I began Saturday with my usual two hours of classes at the gym (my body is still in pain — in a good way — twenty-four hours later), and detoured home via the market, where I picked up Greek and Spanish deli items from their two respective stalls, and Tibetan food for lunch. I then spent the remainder of the afternoon slow-cooking a Burmese pumpkin curry for dinner, doing yoga, and chatting with people via Dreamwidth comments, before meeting Matthias — who had been out all day — and our friend E at our favourite cafe/bar. When I got there, they were sitting outside in the terrace garden, which was dark and bracing, but fine for an hour or so. I'm out of the habit of sitting outside in frigid British winter temperatures, although I used to do it all the time during the lockdown years.
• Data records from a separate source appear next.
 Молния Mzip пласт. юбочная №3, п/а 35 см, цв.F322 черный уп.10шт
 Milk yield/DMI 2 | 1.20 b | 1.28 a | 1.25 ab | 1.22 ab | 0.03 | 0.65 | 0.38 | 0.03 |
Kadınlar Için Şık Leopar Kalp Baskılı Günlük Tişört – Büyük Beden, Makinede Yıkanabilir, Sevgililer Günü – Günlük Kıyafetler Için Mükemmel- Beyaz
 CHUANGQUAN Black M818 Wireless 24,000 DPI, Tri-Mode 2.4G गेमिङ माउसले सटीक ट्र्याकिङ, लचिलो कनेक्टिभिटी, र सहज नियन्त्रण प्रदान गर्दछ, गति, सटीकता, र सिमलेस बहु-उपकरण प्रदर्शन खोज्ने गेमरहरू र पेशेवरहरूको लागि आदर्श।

This morning, I did yoga as the sun rose, ate a leisurely breakfast, prepared various bits and pieces for meals next week (stewed fruit, making up a fresh batch of muesli, etc), and drifted around the house aimlessly until Matthias and I decided to make the most of the clear winter sunshine, and go for a walk. The market square was as busy as it always is in such circumstances, and I had to queue for ages to get a coffee, but it was nice to be outside, and wander along the river, watching the geese, ducks, and swans frolic about.
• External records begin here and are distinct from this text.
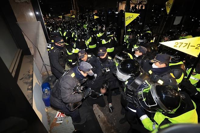 [윤석열 대통령이 내란 우두머리 혐의로 구속되자 지지자들이 서울 마포구 서울서부지방법원에 난입한 19일 오전 서부지법 후문 인근에서 경찰이 시위 중인 윤 대통령 지지자를 끌어내고 있다. (사진=연합뉴스)]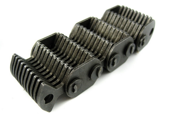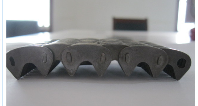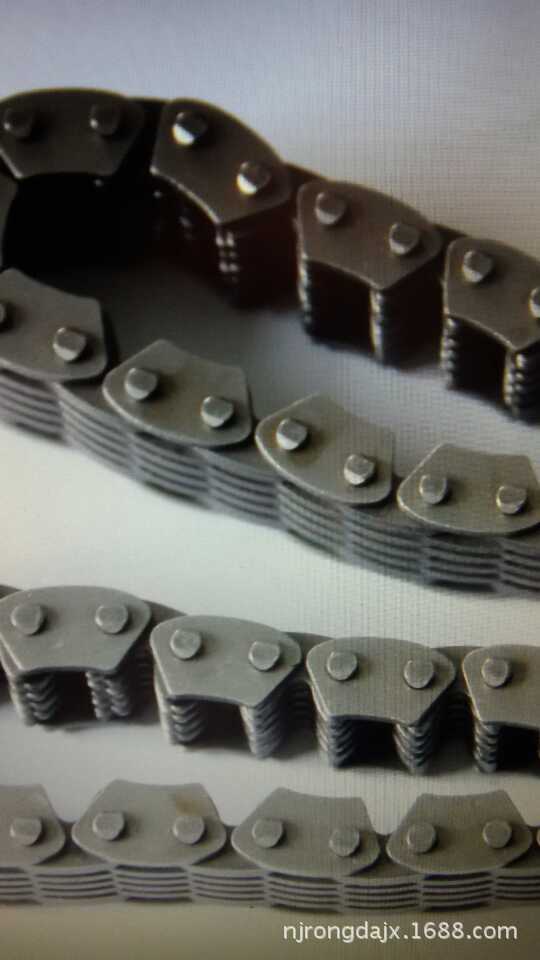 HV416-96l哈瓦鏈條:一種雙軸的齒形鏈條,軸是兩根用,在一個(gè)鏈條孔里面有兩個(gè)瓦片銷軸。下圖是HV416齒形鏈條。有5個(gè)導(dǎo)向片,60個(gè)帶尖的齒形鏈片,長度106.5毫米,2500元一條。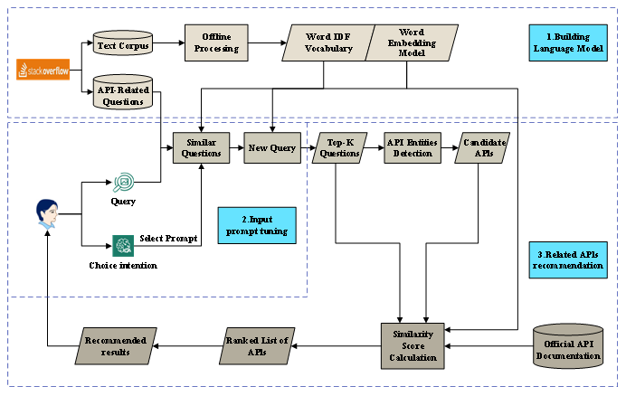 具体来说,该研究采用用户查询增强的方法,首先通过用户的查询搜寻Stack Overflow中相似的帖子,用户根据帖子的标题选取最符合自己意愿的作为提示。然后,将得到的提示与用户初始输入合并成新的查询。最后,新生成的问题与Stack Overflow帖子和API官方文档双信息源计算相似度,在两者综合得分下得到最后的候选API序列。该研究具有重要理论研究意义和实际应用价值,为API推荐提供了一种崭新的思路。
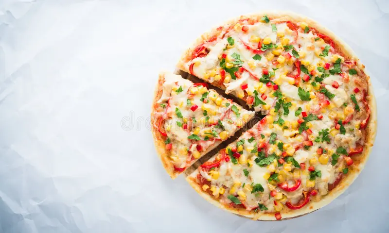 Sweet corn kernels combined with creamy mozzarella cheese spread evenly on a soft pizza base, baked till golden and cheesy.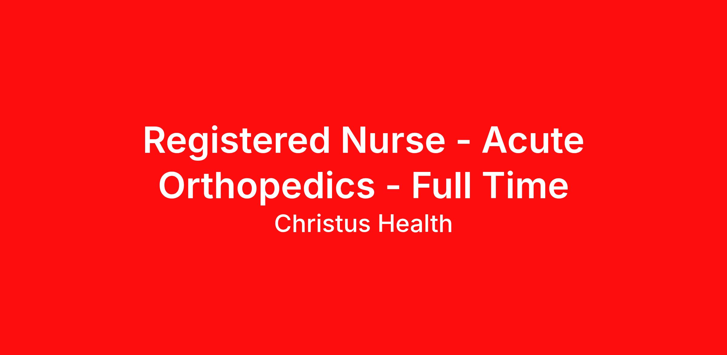 Registered Nurse - Acute Orthopedics - Full Time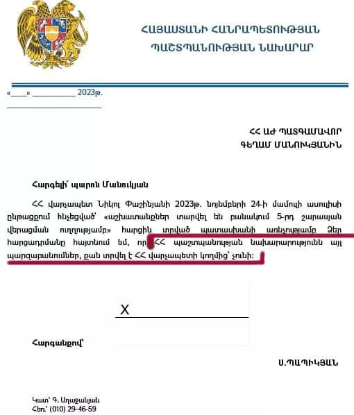 Պաշտպանության նախարար Սուրեն Պապիկյանը ԱԺ ամբիոնից հրապարակային խոստացավ դեկտեմբերի 24-ին ինձ անակնկալ մատուցել։ Չգիտեմ ինչ էր պատրաստվում անել հենց այդ օրը, սակայն դեկտեմբերի 22-ին ՊՆ-ից ստացած հարցմանս պատասխանը պակաս զարմացական չէ: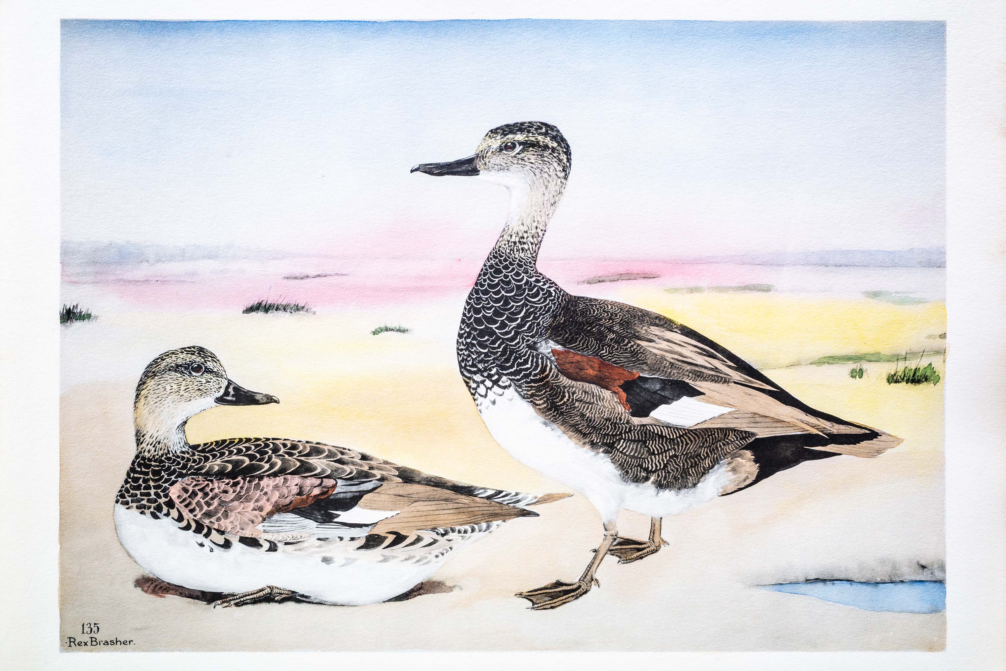 GADWALLS are clannish, seldom mingling with other ducks and usually gather in small flocks. The rufus coverts, white speculum and swift whistling flight makes their identification easy. They are extremely rare in the east where I have seen them only four times in half a century. Altho resting high and light on the surface they are expert divers.

I've been somewhat distracted this week, and my reading has suffered as a consequence — I only finished two books. The first, My Throat An Open Grave (Tori Bovalino), is a YA fantasy novel by an author I normally enjoy, retelling the Labyrinth film's story as a contemporary Appalachian gothic, with folk horror and commentary on the abysmal state of reproductive rights in the US. I feel as if I wish this had been better than it was: interesting ideas, let down by pedestrian execution and authorial timidity. (And why did it need to be told in first person present tense?). The other book was a reread: This Book Is Haunted (David McRobbie), a collection of ghost stories by an author who was a big deal in Australia when I was growing up. The book is from my childhood collection, and I had read it before, so none of the twists in the stories were shocking to me, but I did admire McRobbie's very broad interpretation of haunting. Very few of these are ghost stories in the classic sense: in many cases the characters are haunted by guilt, by stories unearthed on cassette tapes, by mysteries in old photographs, by advertisements in the Classified section of local newspapers, or by echoes of memories in buildings, landscapes, or artefacts. He has a particular interest in haunting journeys, as if trains and railway stations and ferry terminals evoke particularly vivid emotions, and in investigative journalism, and a magpie-like imagination, with an ability to find a story in everything. I really enjoyed the collection, and wondered if it would be possible to publish something like it — for a YA readership — today.
Now the remainder of Sunday stretches ahead, invitingly. At some point I'll need to start marinating the mackerel for tonight's dinner (spiced, seared, and served with a tomato-dill-lemon-garlicky sauce), but beyond that, I have absolutely no demands on my time, which is wonderful. Next week, I have the immense good fortune to be working from home four days out of the five, and I'm hoping that that, combined with the ease and calm of this weekend, will be enough to tackle the grinding exhaustion that has been such a major theme of this year.